Dayanand College Latur
- Other name: DCL
- Motto: Aa No Bhadra Krutavo Yantu Vishvastah
- Type: Private
- Active: May 1961–Open
- Affiliations: Swami Ramanand Teerth Marathwada University,
- Chairman: Laxmiraman Bankatlal Lahoti
- Principal: Jayprakash S. Dargad
- Academic staff: 49
- Administrative staff: 48
- Students: 10,000
- Undergraduates: 500
- Postgraduates: 200
- Location: Latur, Maharashtra, India
- Campus: Urban;
- Website: dsclatur.org

= Dayanand College Latur =

College in Maharashtra, India

Dayanand Education Society was established in 1961 to impart higher education in to the students of this rural area. It offers education in English as well as in Marathi medium. The college was established in 1961. The college is an authorized centre of the Institute of Chartered Accountants of India (ICAI) for CA examinations.

== History ==
Dayanand Education society was established in the year 1961 in the month of May. Earlier Latur was small town in the Osmanabad District. Facilities for higher education were not available in the Latur so students were left with no option but going to cities like Hyderabad, Pune, and Mumbai and so on.

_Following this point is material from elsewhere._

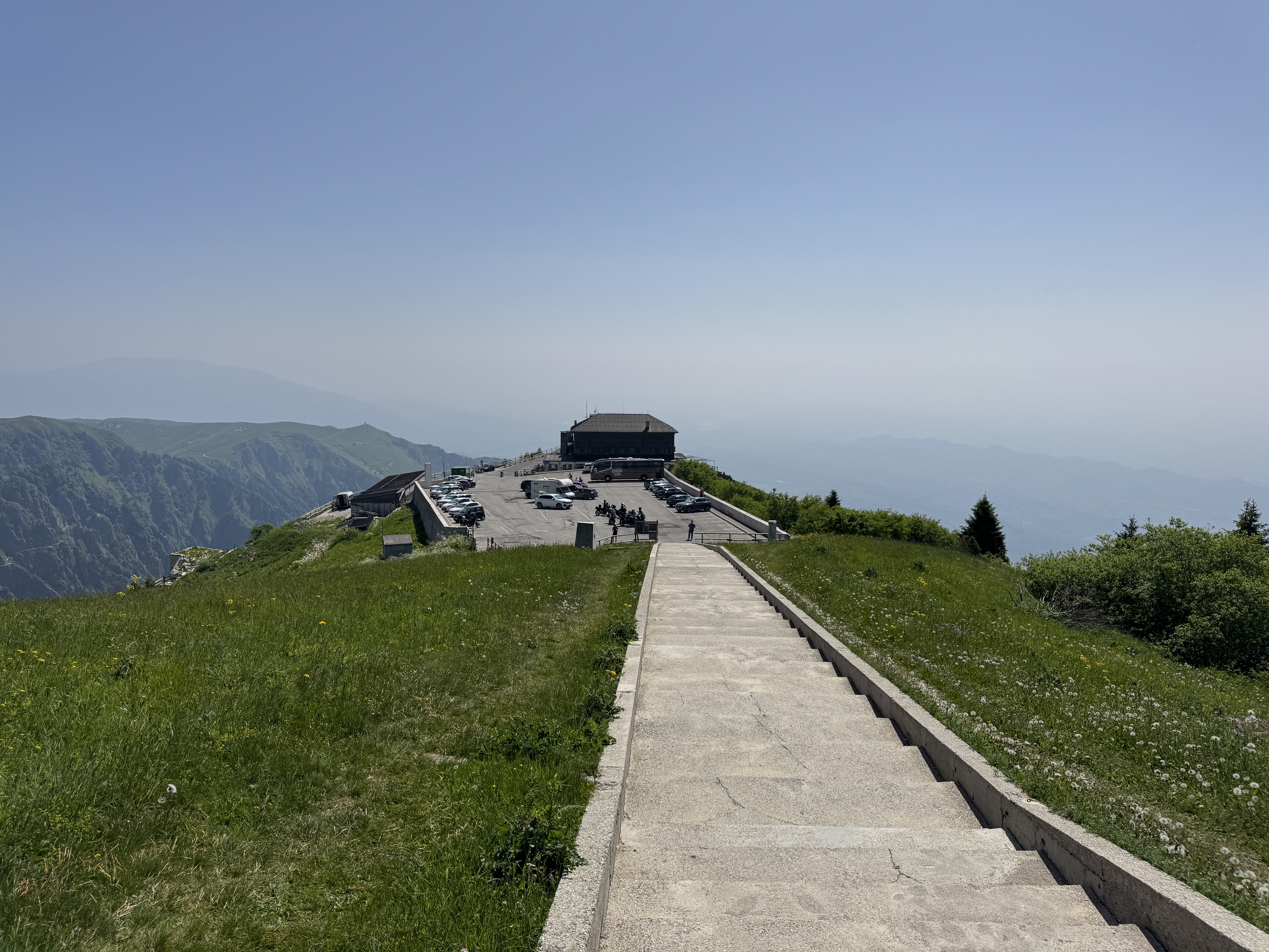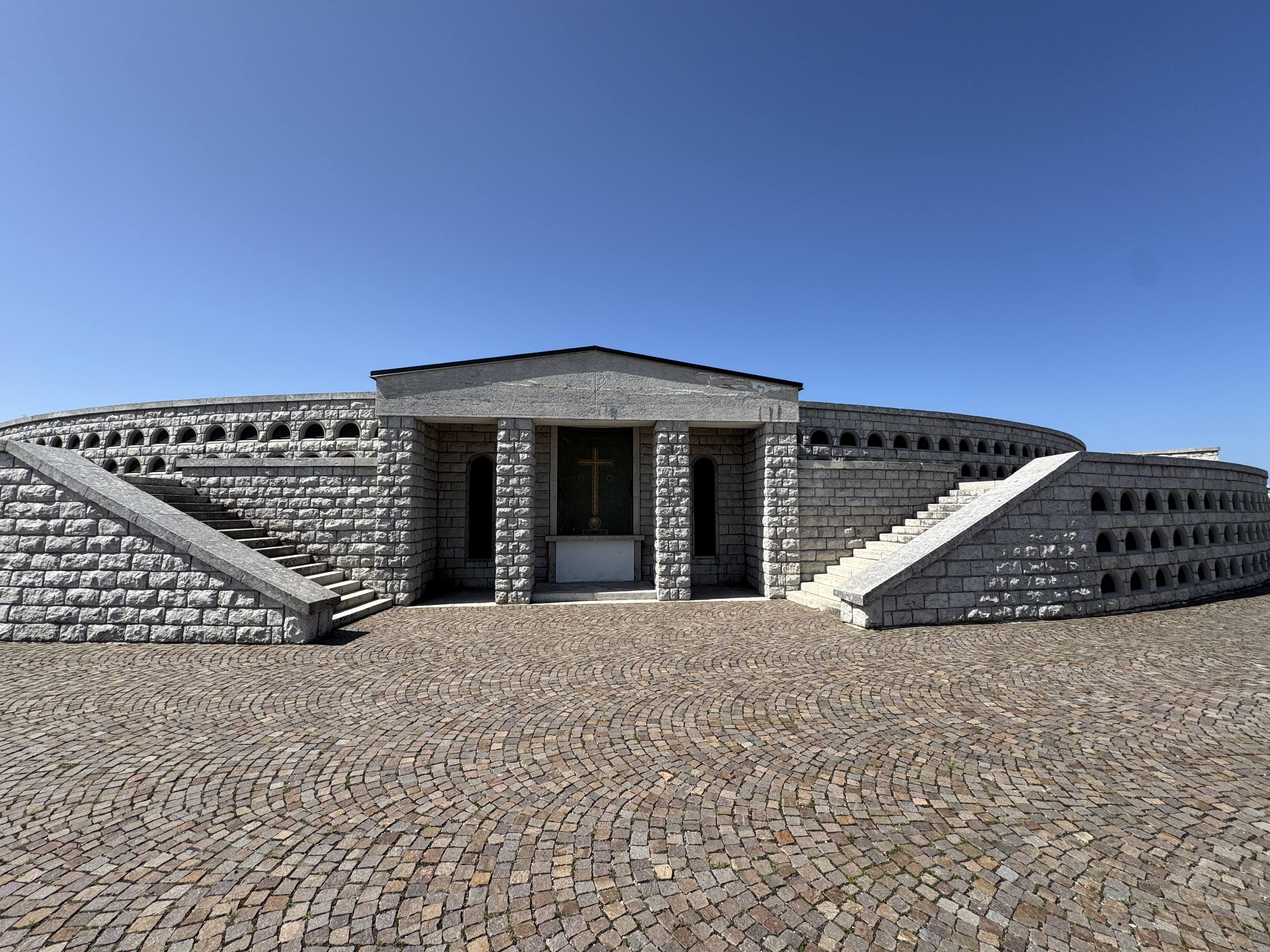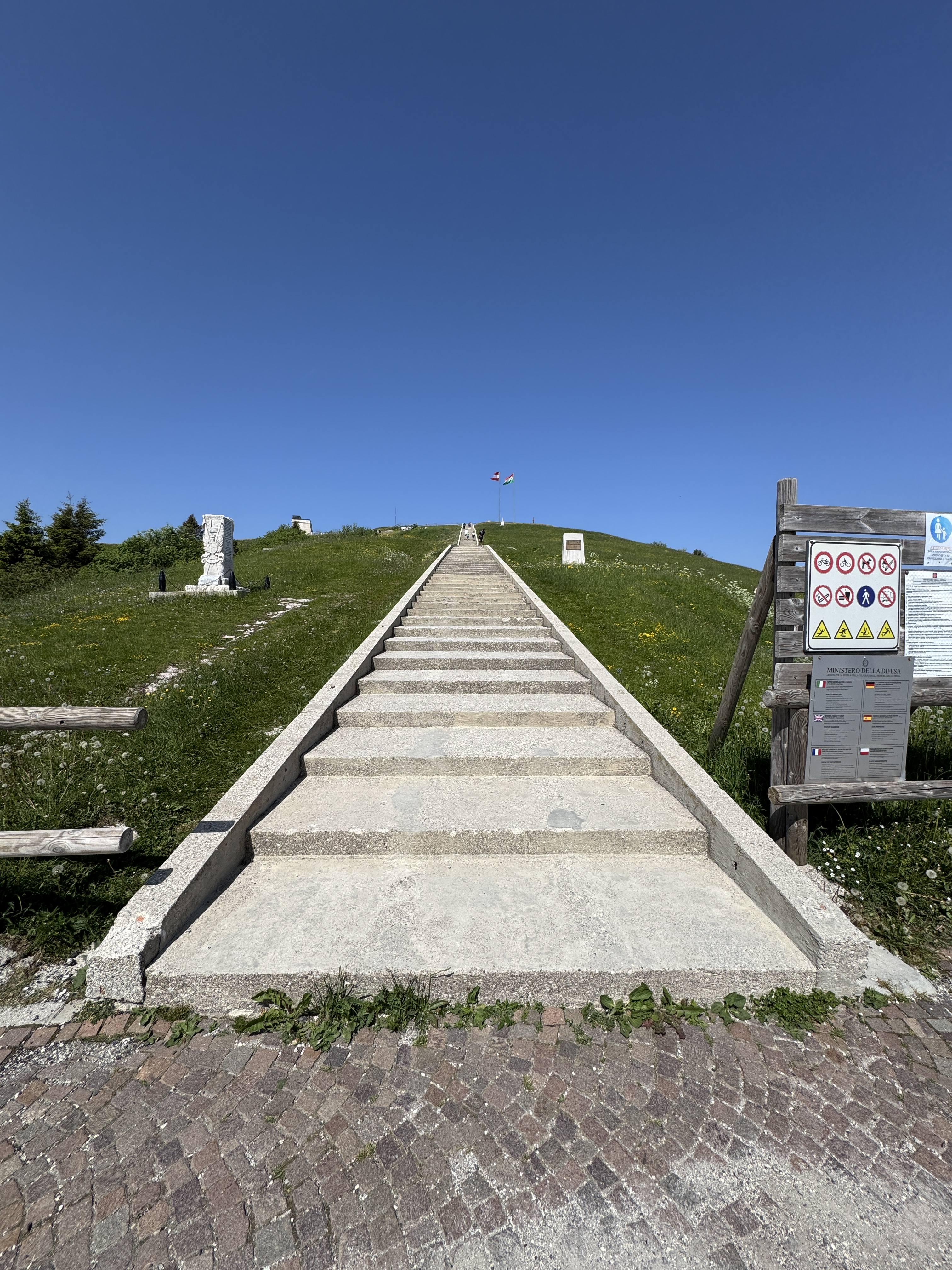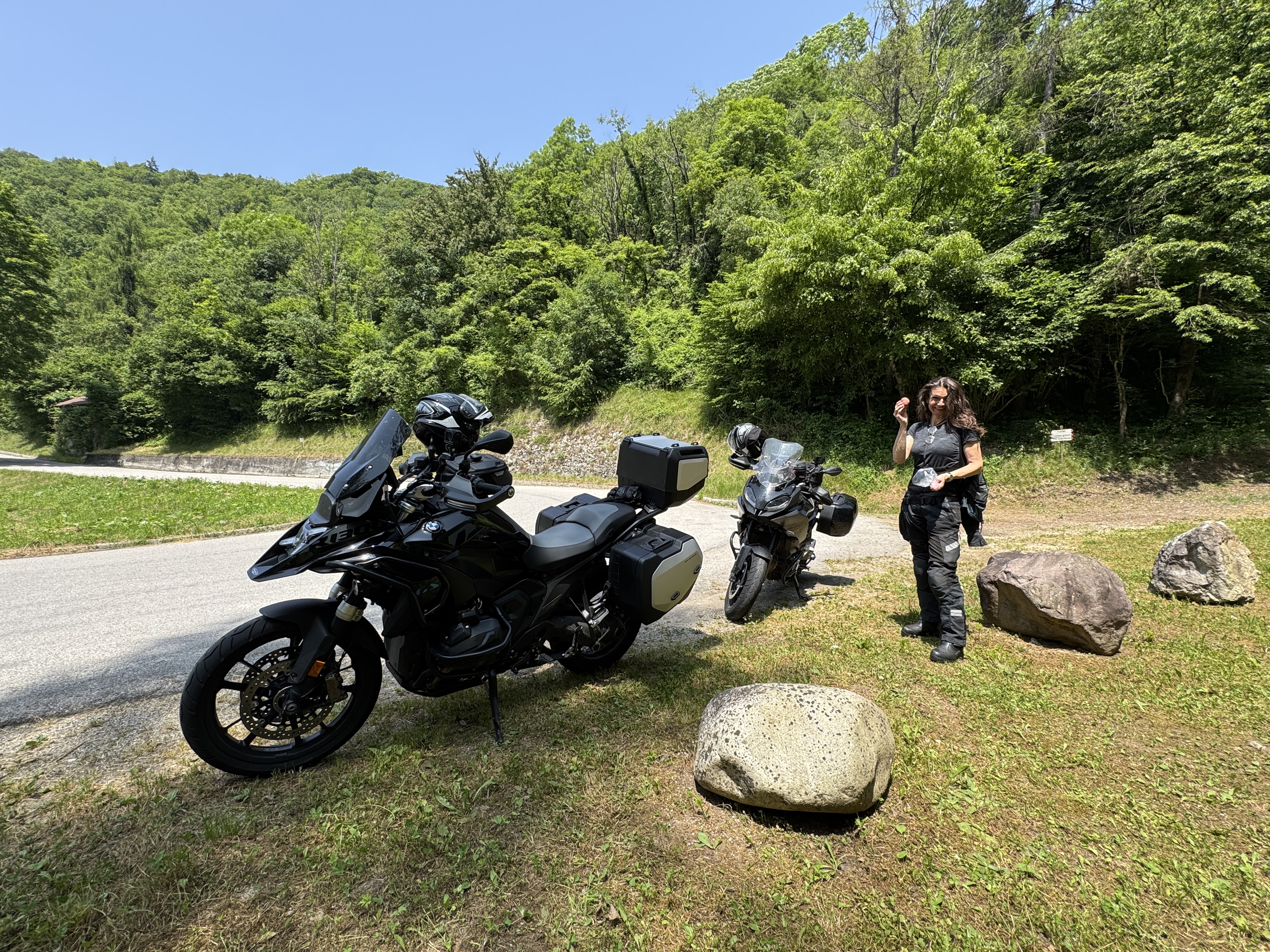 Heute früh ging’s wieder über die Kaiserjägerstraße, dann über den Passo Stretto Richtung Bassano del Grappa – sehr charmant mit Stadtmauer und historischen Häuschen. Und dann ab zum Grappa! Also… Monte Grappa. Kein Schnaps, sondern ein Berg mit ordentlich Geschichte und einem riesigen Weltkriegsdenkmal. Die meisten sind direkt nach oben gefahren. Marion hat sich dann aber hinter mir – gut getrennt durch zwei Viehtransporter – entschlossen 10 Minuten vor dem Gipfel eine andere Richtung einzuschlagen. Die fünf Herren auf ihren Motorrädern hinter hier dachten natürlich, dass dieser Tour Guide die Strecke genau kennt und fuhren ihr blind hinterher. Kurze Zeit später merkten alle ihren Irrtum und kehrten um und machten sich dann doch noch auf den Weg zu mir also Richtung Gipfel 😂
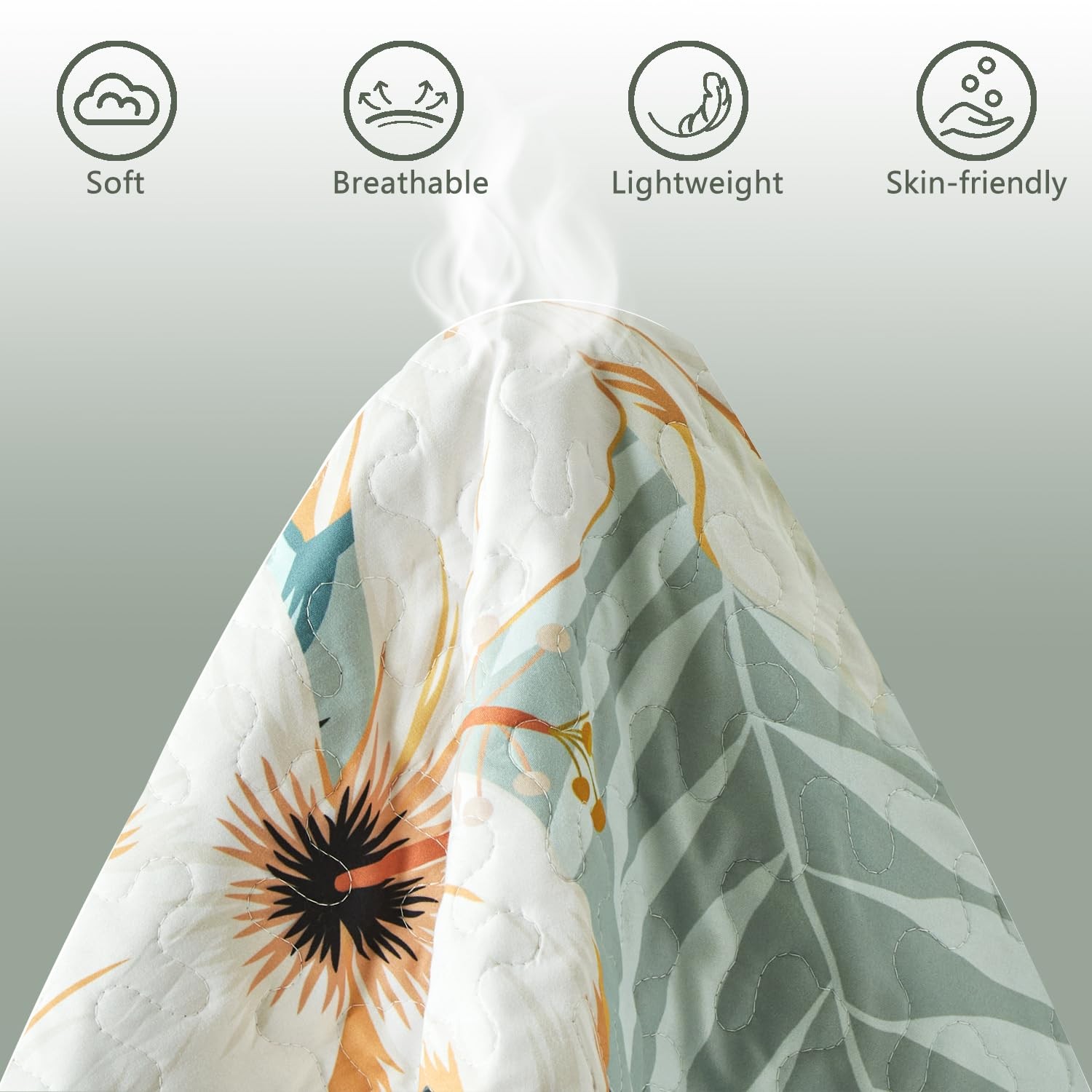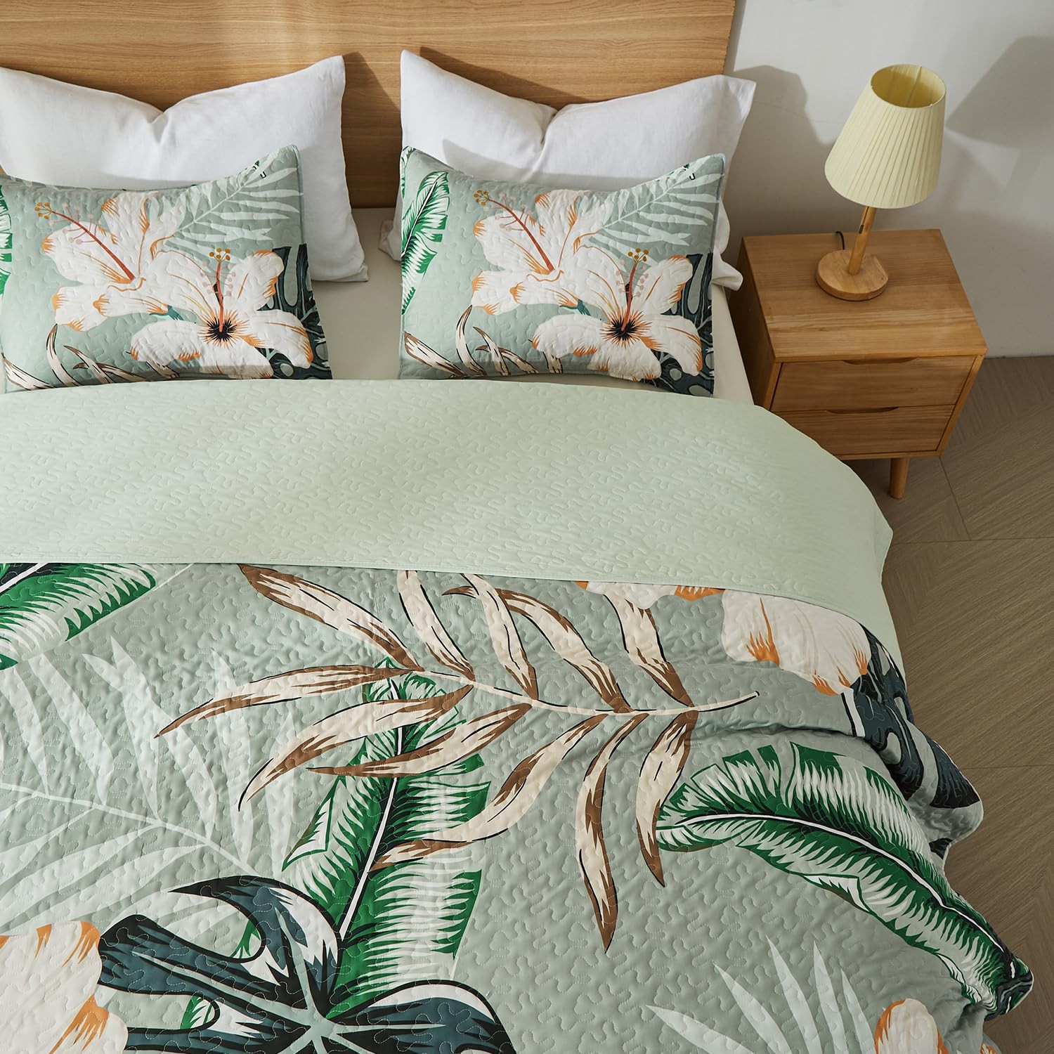 как выглядит Queen Quilt Bedding Set,White Botanical Pattern Sage Green Full/Queen Quilt S... фото

Student from middle class and lower-middle-class families were not able to afford the costs of education and other costs arising from the needs to live in the cities like Mumbai, Pune etc. Higher education was rather like a dream for students from poor families. So to make the higher education facilities accessible to children of farmers, agricultural laborers, workers; the dignitaries and business people like Manikrao Sonavane (elder brother of Keshavrao Sonawane), Chandrashekhar Vajpeyi, Ramgopal Rathi and Keshavrao Sonawane established Dayanand Education Society in the May month of year 1961

Manikrao Sonavane, elder brother of Keshavrao and chairman of market committee, convinced the farmers of Latur to contribute to this cause. Keshavrao Sonavane, Co-Operative Minister of the Maharashtra state, contributed to this cause by completing all required formal government procedures.

== Affiliated institutes ==
The society runs Eight colleges in Latur.

- Dayanand College of Commerce
- Dayanand College of Arts
- Dayanand Science College
- Dayanand College of Law
- Dayanand College of Pharmacy
- Dayanand Collage Of Animation
- Dayanand College of fashion designing and interior decoration
- Dayanand College of Architecture
- Dayanand Institute of Pharmacy

==Research Centre of Commerce and Management==
University, Nashik. Dr. Brijmohan Dayma has been recognized as the Research guide in Commerce and Management faculty of S.R.T.M. University.

==Workshop on 'Gateway to SET/NET'==
The college conducted a State level Workshop on 'Gateway to NET/SET exams'on 1 May 2010.

==Awards and accolades==

Earlier this college was affiliated to Dr. Babasaheb Ambedkar Marathwada University Aurangabad, but since the formation of a university in Nanded now its affiliated to Swami Ramanand Teerth Marathwada University.